Which actually mirrors reality, as Molly Quinn is well known to attend Comic-Con in costume.


----------



## Rob Helmerichs (Oct 17, 2000)

Thom said:


> Please...the highlight of this episode was Alexis in costume!


I share Castle's shock. I did not see those that coming.


----------



## betts4 (Dec 27, 2005)

LoadStar said:


> Which actually mirrors reality, as Molly Quinn is well known to attend Comic-Con in costume.


As Mal Reynolds one year.










I was searching for one of her in the costume from the episode and found this one. Cute.


----------



## Polcamilla (Nov 7, 2001)

betts4 said:


> I was searching for one of her in the costume from the episode and found this one. Cute.


Is her costume from the show a REAL costume? For one thing she seemed....uh....lightly armed for an assassin.


----------



## wprager (Feb 19, 2006)

Anyone catch him doing Shatner when he said "Laser gun". And was that Shatner "singing" at the end?


----------



## Rob Helmerichs (Oct 17, 2000)

wprager said:


> Anyone catch him doing Shatner when he said "Laser gun". And was that Shatner "singing" at the end?


Yes and yes.

He also did some Picard. (His Shatner was much better. Then again, low-hanging fruit...)


----------



## murgatroyd (Jan 6, 2002)

Rob Helmerichs said:


> Yes and yes.
> 
> He also did some Picard. (His Shatner was much better. Then again, low-hanging fruit...)


I disagree.


----------



## Rob Helmerichs (Oct 17, 2000)

Well, the Shatner was immediately obvious. The Picard I had to think about for a moment, and even then I wasn't entirely sure.


----------



## markz (Oct 22, 2002)

JETarpon said:


> Very beginning, after the opening. Castle's number one fan. "How far they fall."
> 
> He also directed this episode.


I didn't recognize him but knew it had to be someone famous. I assumed another writer.



murgatroyd said:


> No love for Armin Shimerman?


I had to google a pic of him as a Ferengi to show my wife.



Thom said:


> Please...the highlight of this episode was Alexis in costume!

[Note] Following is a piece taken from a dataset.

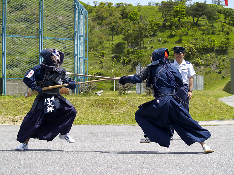 コブラ見物もそこそこに基地へ戻ると、ラッパやら格闘の訓練展示。この辺は陸自の基地祭でもやるんですが、如何せん遠い位置からの見物なんでイマイチ面白くなかったんですが、今回はかぶりつき└(´Д`)┘の位置からの見物。銃剣術かっこいぃ!ってことで影響されやすいワタクシ、家に帰ってから小銃を振り回したとか振り回さなかったとか。
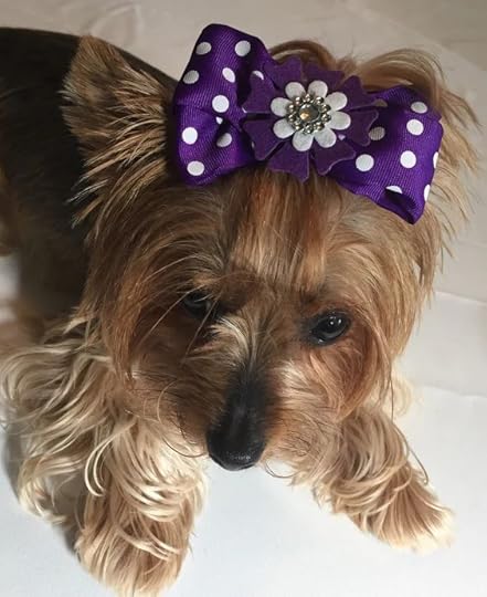 This is Spike: A scruffy three-legged Yorkshire terrier with an incongruous purple bow on top of his tufty head crept into view. He was exceedingly small and very scared.

Holy Crap she has gotten hot this season!

BTW, LOVED the Shatner song at the end!


----------



## Jeff_in_Bklyn (Apr 26, 2003)




----------



## betts4 (Dec 27, 2005)

From Tv.shark - molly quinn


----------



## eddyj (Jun 20, 2002)

Jeff_in_Bklyn said:


>





betts4 said:


> From Tv.shark - molly quinn


Jeff_in_Bklyn wins!


----------



## Fl_Gulfer (May 27, 2005)

We watched her grow UP!!!


----------



## murgatroyd (Jan 6, 2002)

Rob Helmerichs said:


> Well, the Shatner was immediately obvious. The Picard I had to think about for a moment, and even then I wasn't entirely sure.


In a way, we're comparing apples and oranges.

The 'laser blaster' gag is really sort of generic Shatner. Anybody who has picked up on his odd speech pattern from the other Shatner-imitators would recognize it. It's immediately obvious because it's over-performed.

The second gag, on the other hand, is done in the Captain's chair on the spaceship set, and mentions the Enterprise by name. It's clearly supposed to be one of the captains of the Enterprise. Given the intonation pattern, the diction, the quality of the vowels, and the pose, it read more like Picard to me than Kirk, especially the way he says the name "Enterprise".

And let's not forget who was directing this episode. 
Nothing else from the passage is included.